I decided I only wanted to look at TV shows and movies, so I filtered for that along with only storing the values that I care about (for now, always subject to change). The other thing about this dataset is that it has over 20,000 rows of anime in it. While that's totally great for them, I don't enjoy the time needed to fetch 20,000 images from their URLs. So I chopped mine to the top rated 1,000 - so I started with this:



sorted_anime = sorted(reader, key=lambda x: x[4])
anime_reader = sorted_anime[:1000]

And if you're curious, in that particular dataset, the lowest rated is Aki no Puzzle at 2.37/10. Then I added a reverse=True to my sorting and found that UNKNOWN is a higher value than any number! Since I wanted this code to be follow-able and clean, I got rid of all of my print(row[5], type(row[5])) but just know that they were there! This is when I decided that the easiest way to handle some of the filtering I wanted to do would be to throw the whole CSV into a data frame, get rid of the stuff I don't want, then throw it back into a CSV to do some secondary parsing. If you go look at the code you may notice that I actually chop the CSV at 1,010 rows and have slightly more than 1,000 rows. That's because URLs can fail, and they might do so unpredictably. I figured a 1% error rate would be safe to make sure I have at least 1,000 in the end.

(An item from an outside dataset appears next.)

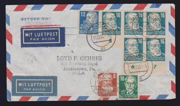 8 (bereits mit Eckfehler verklebt), 10, 12 und fünfmal 16 Pfg. Köpfe (ein Unterrand-Viererblock) auf portoger. Lupo-Übersee-Drucksache ab Berlin 1951 in die USA, seltene Portostufe!

The problem with a CSV reader is that the only way to really use it is row by row. While that'll work just fine for changing the genres from a string to a list, it doesn't really work for sorting the CSV while excluding certain values. This should also save me a lot of time, since instead of having to check on each row for TV or Movie, and an actual numeric rating, I'll only be dealing with rows that have already cleared a few checks.

After getting the data how I want it, let’s make it searchable.
RedisVL uses a schema to define how your data looks, and for what I have currently, this is how my schema looks:



schema = {
    "index": {
        "name": "anime_demo",
        "prefix": "anime",
    },
    "fields": [
        {"name": "title", "type": "text"},
        {"name": "english_name", "type": "text"},
        {"name": "episodes", "type": "numeric"},
        {"name": "rating", "type": "numeric"},
        {"name": "synopsis", "type": "text"},
        {"name": "genres", "type": "tag"},
        {"name": "popularity_rank", "type": "numeric"},
        {"name": "poster_vector", "type": "vector", 
            "attrs": {
                 "dims": 768,
                 "distance_metric": "cosine",
                 "algorithm": "flat",
                 "datatype": "float32"
            }
         }
    ]
}

We’ll have a title, an English name, the number of episodes, the numeric rating, a synopsis, the genres of the show or movie, the popularity ranking, and a vector embedding of the poster image. The dimensions of your vector will change based on what model you’re using - but knowing that information and correctly passing it along to Redis are critical steps to make vector search work correctly.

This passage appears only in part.